By Asma’u Ahmad
The Minister of Health, Prof. Isaac Adewole, has appealed to the World Health Organisation (WHO) for a reference laboratories and more vaccines to achieve the target of eliminating yellow fever in Nigeria by 2026.
The minister made the call at the WHO Global Policy Group (GPG) Meeting and Africa inauguration of Eliminate Yellow Fever Epidemics in Africa strategy (EYE) on Tuesday in Abuja. Adewole, who lamented that the surveillance efforts in Nigeria were limited due to limited accredited laboratories, said “we are clamouring for regional lab in Nigeria.’’
He said government was committed to the outcome of EYE strategy, but that Nigeria needs more vaccines, and appealed for worldwide efforts to rejig and produce more vaccines. “We are asking for more than political commitment but political action, we are in support of strong monitoring to ensure that we are on top of this outbreak. “We want to see effective synergy across board and continued support on research across all levels,’’ he said.

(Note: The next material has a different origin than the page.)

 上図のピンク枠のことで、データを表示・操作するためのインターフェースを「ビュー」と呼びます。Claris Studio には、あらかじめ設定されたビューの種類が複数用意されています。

The minister said Nigeria has been on the move to eliminate yellow fever epidemic since 2004. He said the last outbreak of yellow fever in Nigeria was in 1996, since then government went on to sleep thinking that it was over. “What went wrong was the inability of the government to continue with routine immunisation to protect people against yellow fever. “Therefore, it is not a surprise when Nigeria record new cases of yellow fever outbreaks in 2017,’’ Adewole said.

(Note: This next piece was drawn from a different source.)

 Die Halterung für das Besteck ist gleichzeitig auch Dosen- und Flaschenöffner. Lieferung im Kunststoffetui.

He however noted that for government to succeed in the fight to eliminate the disease it must vaccinate everybody, whic was a huge challenge for Nigeria. He said by March 2018, six months after resurgence of yellow fever in the country, Nigeria has recorded 1,640 suspected cases of the disease.

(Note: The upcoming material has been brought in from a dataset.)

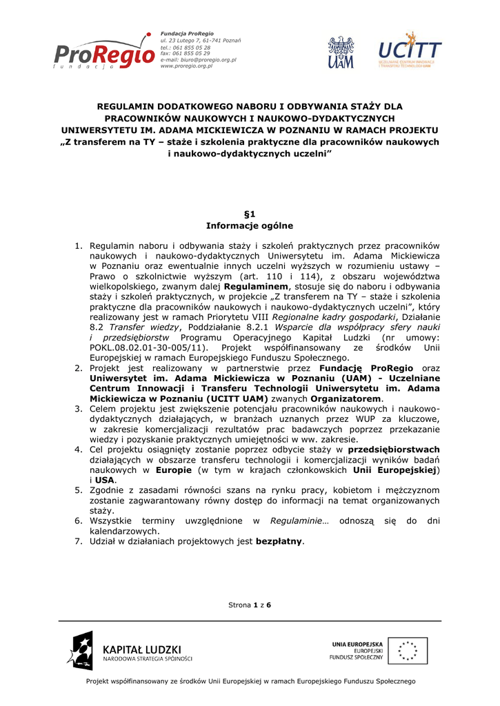 Fundacja ProRegio ul. 23 Lutego 7, 61-741 Poznań tel.: 061 855 05 28 fax: 061 855 05 29 e-mail: [email protected] www.proregio.org.pl REGULAMIN DODATKOWEGO NABORU I ODBYWANIA STAŻY DLA PRACOWNIKÓW NAUKOWYCH I NAUKOWO-DYDAKTYCZNYCH UNIWERSYTETU IM. ADAMA MICKIEWICZA W POZNANIU W RAMACH PROJEKTU „Z transferem na TY – staże i szkolenia praktyczne dla pracowników naukowych i naukowo-dydaktycznych uczelni” §1 Informacje ogólne 1. Regulamin naboru i odbywania staży i szkoleń praktycznych przez pracowników naukowych i naukowo-dydaktycznych Uniwersytetu im. Adama Mickiewicza w Poznaniu oraz ewentualnie innych uczelni wyższych w rozumieniu ustawy – Prawo o szkolnictwie wyższym (art. 110 i 114), z obszaru województwa wielkopolskiego, zwanym dalej Regulaminem, stosuje się do naboru i odbywania staży i szkoleń praktycznych, w projekcie „Z transferem na TY – staże i szkolenia praktyczne dla pracowników naukowych i naukowo-dydaktycznych uczelni”, który realizowany jest w ramach Priorytetu VIII Regionalne kadry gospodarki, Działanie 8.2 Transfer wiedzy, Poddziałanie 8.2.1 Wsparcie dla współpracy sfery nauki i przedsiębiorstw Programu Operacyjnego Kapitał Ludzki (nr umowy: POKL.08.02.01-30-005/11). Projekt współfinansowany ze środków Unii Europejskiej w ramach Europejskiego Funduszu Społecznego. 2. Projekt jest realizowany w partnerstwie przez Fundację ProRegio oraz Uniwersytet im. Adama Mickiewicza w Poznaniu (UAM) - Uczelniane Centrum Innowacji i Transferu Technologii Uniwersytetu im. Adama Mickiewicza w Poznaniu (UCITT UAM) zwanych Organizatorem. 3. Celem projektu jest zwiększenie potencjału pracowników naukowych i naukowodydaktycznych działających, w branżach uznanych przez WUP za kluczowe, w zakresie komercjalizacji rezultatów prac badawczych poprzez przekazanie wiedzy i pozyskanie praktycznych umiejętności w ww. zakresie. 4. Cel projektu osiągnięty zostanie poprzez odbycie staży w przedsiębiorstwach działających w obszarze transferu technologii i komercjalizacji wyników badań naukowych w Europie (w tym w krajach członkowskich Unii Europejskiej) i USA. 5. Zgodnie z zasadami równości szans na rynku pracy, kobietom i mężczyznom zostanie zagwarantowany równy dostęp do informacji na temat organizowanych staży. 6. Wszystkie terminy uwzględnione w Regulaminie… odnoszą się do dni kalendarzowych. 7. Udział w działaniach projektowych jest bezpłatny. Strona 1 z 6 Projekt współfinansowany ze środków Unii Europejskiej w ramach Europejskiego Funduszu Społecznego Fundacja ProRegio ul. 23 Lutego 7, 61-741 Poznań tel.: 061 855 05 28 fax: 061 855 05 29 e-mail: [email protected] www.proregio.org.pl §2 Postanowienia ogólne 1. 2. 3. 4. 5. O udział w stażu ubiegać się mogą etatowi pracownicy naukowi i naukowodydaktyczni UAM w rozumieniu ustawy Prawo o szkolnictwie wyższym (art. 110 i 114). Nabór aplikacji odbywać się będzie od 11 czerwca 2012 do 25 czerwca 2012 r. Kompletną dokumentację rekrutacyjną w formie papierowej należy złożyć w siedzibie Uczelnianego Centrum Innowacji i Transferu Technologii UAM, ul. Zwierzyniecka 7c, 60-813 Poznań, pokój nr 116, do godziny 15.30 dnia 25 czerwca 2012 r. Dokumentację można dostarczyć osobiście lub przesłać pocztą. W przypadku dokumentów nadsyłanych pocztą o przyjęciu dokumentów decyduje data stempla pocztowego. Dokumenty złożone po terminie nie będą rozpatrywane. Dokumenty konieczne do przeprowadzenia rekrutacji: A. Obligatoryjne 1) 2) 3) 4) 5) B. Fakultatywne 1) 2) 3) 4) 6. Formularz zgłoszeniowy (wg załącznika nr 1 – który jest możliwy do pobrania na stronach Organizatora: www.proregio.org.pl, www.ucitt.pl) Życiorys zawodowy zawierający listę publikacji w języku polskim i angielskim Zaświadczenie lub certyfikat potwierdzający znajomość języka angielskiego, niemieckiego lub francuskiego, alternatywnie innego języka obcego, w którym będzie odbywał się staż (zgodnie z listem intencyjnym lub deklaracją jego uzyskania), w stopniu pozwalającym na swobodną komunikację Opinia bezpośredniego przełożonego. Oświadczenie o wyrażeniu zgody na przetwarzanie danych osobowych (wg załącznika nr 6 - do pobrania na stronie: www.proregio.org.pl, www.ucitt.pl). Aktywność kandydata w zakresie współpracy z gospodarką (projekty nauka-gospodarka, staże, praktyki, udokumentowane wdrożenia wyników prac badawczych, inna udokumentowana współpraca z gospodarką) Zgłoszenie patentowe i/lub uzyskane prawa ochronne Deklaracja uzyskania listu intencyjnego od konkretnego przedsiębiorstwa, w którym uczestnik chciałby odbyć staż (do pobrania na stronie Organizatora) lub list intencyjny wystawiony przez przedsiębiorstwo przyjmujące na staż Dokumenty potwierdzające wiedzę kandydata z tematyki komercjalizacji badań, np. ukończone kursy, szkolenia, prowadzona działalność dydaktyczna i publikacyjna. Za spełnienie poszczególnych kryteriów przyznawane będą punkty, których zestawienie znajduje się w §3 pkt. 6. Strona 2 z 6 Projekt współfinansowany ze środków Unii Europejskiej w ramach Europejskiego Funduszu Społecznego Fundacja ProRegio ul. 23 Lutego 7, 61-741 Poznań tel.: 061 855 05 28 fax: 061 855 05 29 e-mail: [email protected] www.proregio.org.pl §3 Zasady rekrutacji 1. 2. Rekrutacja będzie prowadzona zgodnie z zasadami równości szans kobiet i mężczyzn. Udział w stażach skierowany jest do pracowników naukowych i naukowodydaktycznych UAM, a w przypadku niewystarczającego zainteresowania z innych uczelni wyższych z obszaru województwa wielkopolskiego, w wieku 25 – 60 lat działających w branżach uznanych przez WUP w Poznaniu za kluczowe dla rozwoju województwa wielkopolskiego, w tym: 3. 4. 5. 6. budownictwo biotechnologiczna chemiczna elektroniczna farmaceutyczna finanse i ubezpieczenia gastronomiczna handlowa hotelarska ICT logistyczna metalowa motoryzacyjna odzieżowa rolnictwo spożywcza stolarsko-meblarska tu

He said 115 of the 1,640 were confirmed in the Nigerian laboratories, and only 41 were confirmed by the regional centre. “This is one of the issues we will like to raise, if we confirm 115 in Nigeria and only 41 of the 115 were confirmed by the regional centre in Dakar. “The remaining 74 cases could have been confirmed as true cases of yellow fever, the challenge of transportation could have altered the ability to confirm the cases at the regional centre in Dakar,’’ Adewole said.
He noted that since the resuregence of yellow fever in Nigeria, the government with the support of partners has conducted reactive and preventive vaccination in Kwara, Kogi, Zamfara, Niger, Sokoto and Borno states. He added that 14,591,218 people were vaccinated, stressing that government targets to vaccinate 25 million people in 2018.
Adewole said the government has a nationwide plan to cover the entire country in the next seven years. Earlier, the Director-General of WHO, Dr Tadros Adhanom, said that yellow fever has reemerged as a public health challenge in Africa and in the Americas. He added that in Africa, 27 countries are at high risk of yellow fever epidemics.
He said there were 170,000 severe cases of yellow fever with 60,000 deaths annually. “In 2016 during the yellow fever outbreak in Angola and DRC, 965 cases were confirmed with 400 deaths with 11 cases exported to China,’’ he said.
Adhanom said nearly one billion people would be vaccinated against yellow fever in the 27 high risk African countries by 2026 with support from the WHO, UNICEF and more than 50 health partners.